You’re never quite sure if you like this one or not. They’re the super excited punter, right up the front of the gig, set, venue or right next to the speaker. You like their enthusiasm, their knowledge their general passion. But the issue comes when they don’t have time to get a drink, and they won’t leave your ear with miscellaneous tidbits about the headliner that nobody’s even heard of.

3. Munter

Constantly treading the line between your best friend and your worst nightmare. They’re always overly ecstatic to see you which is great, especially if you’re in need of a hug. Until you realise that hug is a sweaty mess and your clean white shirt (what were you thinking wearing that to the club?) is covered in beer. Not to worry though! Because they’ll buy you another beer, take you to the dancefloor and introduce you to all their friends. Which would be great, if you weren’t trying to have a super chill one or you weren’t in the mood to have that hour long existential conversation about life and why they get munted in the first place. There is no single personality in nightlife who is as polarising as the munter with their ability to simultaneously be the best and the worst. Have fun with this guy, just be careful you don’t end up with a bit of vomit on your new shoes.

4. Social Photographer

The biggest problem with the social photographer is their seeming inability to exist in the moment. We’re not going to say no to a happy snap or two throughout the night, but this person takes it upon themselves to make completely document the night.
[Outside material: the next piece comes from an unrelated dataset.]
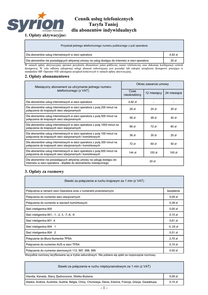 Cennik usług telefonicznych Taryfa Taniej dla abonentów indywidualnych 1. Opłaty aktywacyjne: Przydział jednego telefonicznego numeru publicznego z puli operatora Dla abonentów usług internetowych w sieci operatora 4,92 zł Dla abonentów nie posiadających aktywnej umowy na usług dostępu do Internetu w sieci operatora 20 zł W ramach opłaty aktywacyjnej operator przydziela abonentowi jeden publiczny numer telefoniczny oraz dokonuje konfiguracji centrali dostępowej. W celu odbioru zakupionej usługi abonent zobowiązany jest posiadać lub zakupić urządzenie dostępowe pracujące w standardzie SIP. Operator NIE udostępnia urządzeń końcowych w ramach opłaty aktywacyjnej. 2. Opłaty abonamentowe Miesięczny abonament za utrzymanie jednego numeru telefonicznego (z VAT) Okres zawarcia umowy Czas nieokreślony 12 miesięcy 24 miesiące 4,92 zł - - Dla abonentów usług internetowych w sieci operatora z pulą 200 minut na połączenia do krajowych sieci stacjonarnych 28 zł 24 zł 20 zł Dla abonentów usług internetowych w sieci operatora z pulą 500 minut na połączenia do krajowych sieci stacjonarnych 56 zł 48 zł 40 zł Dla abonentów usług internetowych w sieci operatora z pulą 1000 minut na połączenia do krajowych sieci stacjonarnych 86 zł 72 zł 60 zł Dla abonentów usług internetowych w sieci operatora z pulą 100 minut na połączenia do krajowych sieci stacjonarnych i komórkowych 36 zł 30 zł 25 zł Dla abonentów usług internetowych w sieci operatora z pulą 300 minut na połączenia do krajowych sieci stacjonarnych i komórkowych 72 zł 60 zł 50 zł Dla abonentów usług internetowych w sieci operatora z pulą 600 minut na połączenia do krajowych sieci stacjonarnych i komórkowych 144 zł 120 zł 100 zł Dla abonentów usług internetowych w sieci operatora Dla abonentów nie posiadających aktywnej umowy na usługę dostępu do Internetu w sieci operatora - dopłata do abonamentu miesięcznego 20 zł 3. Opłaty za rozmowy Stawki za połączenia w ruchu krajowym za 1 min (z VAT) Połączenia w ramach sieci Operatora wraz z numerami przeniesionymi bezpłatnie Połączenia do numerów sieci stacjonarnych 0,09 zł Połączenia do numerów w sieciach komórkowych 0,39 zł Sieć inteligentna 800 0.00 zł Sieć inteligentna 801, -1, -2, 3, -7,-8, -9 0,15 zł Sieć inteligentna 801 -4 0,61 zł Sieć inteligentna 804 1 0, 25 zł Sieć inteligentna 804 2 0,51 zł Połączenie do Biura Numerów TPSA 2,70 zł Połączenie do numerów AUS w sieci TPSA 0,15 zł Połączenie do numerów alarmowych 112, 997, 998, 999 0.00 zł Wszystkie rozmowy taryfikowane są w trybie sekundowym. Nie pobiera się opłat za rozpoczęcie rozmowy. Stawki za połączenia w ruchu międzynarodowym za 1 min (z VAT) Irlandia, Kanada, Stany Zjednoczone, Wielka Brytania 0,09 zł Alaska, Andora, Australia, Austria, Belgia, Chiny, Chorwacja, Dania, Estonia, Francja, Grecja, Gwadelupa, 0,15 zł -1- Guam, Hawaje, Hiszpania, Holandia, Hong-Kong, Izrael, Luksemburg, Martynika, Niemcy, Norwegia, Panama, Portugalia, Portoryko, Singapur, Słowacja, Słowenia, Szwajcaria, Szwecja, Tajwan, Tajlandia, Węgry, Włochy, Wyspy Dziewicze Stanów Zjednoczonych Bahamy, Bangladesz, Brunei, Bułgaria, Cypr, Czechy, Finlandia, Indie, Japonia, Jordania, Korea Południowa, Liechtenstein, Litwa, Łotwa, Malezja, Monako, Peru, Rumunia, San Marino, Zambia 0,25 zł Albania, Argentyna, Bahrajn, Barbados, Bermudy, Ghana, Kostaryka, Laos, Makao, Macedonia, Malta, Rosja, Samoa Amerykańskie, Serbia, Tajwan – komórkowe, Urugwaj, Wietnam 0,40 zł Algieria, Australia – komórkowe, Burundi, Chile, Dominikana, Egipt, Finlandia – komórkowe, Indonezja, Irak, Japonia – komórkowe, Kenia, Kirgistan, Kolumbia, Kuwejt, Mauritius, Meksyk, Pakistan, Seszele, Sudan, Szwecja – komórkowe, Tadżykistan, Trynidad i Tobago, Turkmenistan, Ukraina, Uzbekistan, Zimbabwe, Wyspa Wielkanocna 0,60 zł Algieria – komórkowe, Antyle Holenderskie, Arabia Saudyjska, Azerbejdżan, Boliwia, Bośnia i Hercegowina, Czad, Francja – komórkowe, Gruzja, Grecja – komórkowe, Gwatemala, Honduras, Iran, Jordania, Kazachstan, Malawi, Mołdawia, Mongolia, Montserrat, Mozambik, Niemcy – komórkowe, Nigeria, Nowa Zelandia, Panama – komórkowe, Portugalia – komórkowe, Rwanda, Saint Lucia, Sri Lanka, Tanzania, Turks i Caicos, Uganda, Ukraina – komórkowe, Węgry – komórka, Wenezuela 0,85 zł Angola, Armenia, Aruba, Austria – komórkowe, Barbados – komórkowe, Belgia – komórkowe, Benin, Bhutan, Brazylia, Chorwacja – komórkowe, Czechy – komórkowe, Dominika, Filipiny, Haiti, Holandia – komórkowe, Jemen, Kajmany, Katar, Lesoto, Liban, Litwa – komórkowe, Luksemburg – komórkowe, Meksyk – komórkowe, Namibia, Nepal, Norwegia – komórkowe, Oman, Palestyna, Senegal, Słowacja – komórkowe, Republika Południowej Afryki, Saint Kitts i Nevis, Saint-Pierre i Miquelon, Syria, Turcja, Zambia – komórkowe , Zjednoczone Emiraty Arabskie 1,10 zł Afganistan, Andora – komórkowe, Antigua i Barbuda, Azerbejdżan – komórkowe, Białoruś, Belize, Botswana, Brytyjskie Wyspy Dziewicze, Burkina Faso, Dania – komórkowe, Ekwador, Estonia – Komórkowe, Gabon, Ghana – komórkowe, Gibraltar, Grenada, Gujana, Gwinea Równikowa, Hiszpania – komórkowe, Irlandia – komórkowe, Izrael – komórkowe, Jamajka, Kamerun, Libia, Łotwa – komórkowe, Macedonia, Malediwy, Mali, Malta – komórkowe, Mauretania, Niger, Nikaragua, Palestyna – komórkowe, Peru – komórkowe, Rumunia – komórkowe, Serbia – komórkowe, Suazi, Surinam, Urugwaj – komórkowe, Wielka Brytania – komórkowe, Wybrzeże Kości Słoniowej 1,40 zł Albania – komórkowe, Bośnia i Hercegowina – komórkowe, Czarnogóra, Erytrea, Etiopia, Fidżi, Gambia, Gujana Francuska, Islandia, Kongo, Liberia, Maroko, Mikronezja, Monako – komórkowe, Nowa Kaledonia, Republika Zielonego Przylądka, Saint Vincent i Grenadyny , Salwador, Sierra Leone, Słoweni

That includes 20 blurry snap-stories (who even uses Snapchat anymore?) 15 separate selfies of separate stages throughout the night (different friends in each, obviously).

5. The Sonic Hipster

The musical hipster isn’t just any form of hipster, it’s nightlife’s very own interpretation. As per the usual hipster, they’re the person who rocked up just to diss the party. It doesn’t matter whether the artist is underground, over ground or literally never released a tune or a played a set anywhere. Similar to the super fan they were ‘listening to them before they were cool.’ You want to tell these flogs to get out of the joint, but at the end of the day they’ve usually got enough bucks to grab a couple of craft beers and we’re all trying our best to keep the nightlife economy afloat.

6. The DJ’s ‘Friend’

This is the person who knows absolutely nothing about what’s happening, the music, the people or anything. They loosely saw a friend they went to high school a few years ago was playing a support slot and figured they’d cruise along to tell everyone they know the DJ. Don’t get us wrong, they know the DJ, but whether they’ve spoken to them in the last 6 years is a completely different question.

7. The Music Blogger

Always talking about the next big thing, this person is probably the WORST person you’ll meet on a night out. They won’t leave your ear, spouting jargon that doesn’t make any sense. ‘This guy’s the next, FlumeMall GrabSkrillexDiploDaft Punk‘ There’s always a likeness to be made to someone that barely exists and a comment to be made about a shitty interview that they had. On top of that they’ll definitely tell you they didn’t pay to get in,  ‘Oh yeah, I came because I was on the guesty‘ We get it, you’re a big deal, now sit back and let me enjoy the show.

These were our picks for people who we try to avoid on a night out, have we missed any? Tell us what you think below!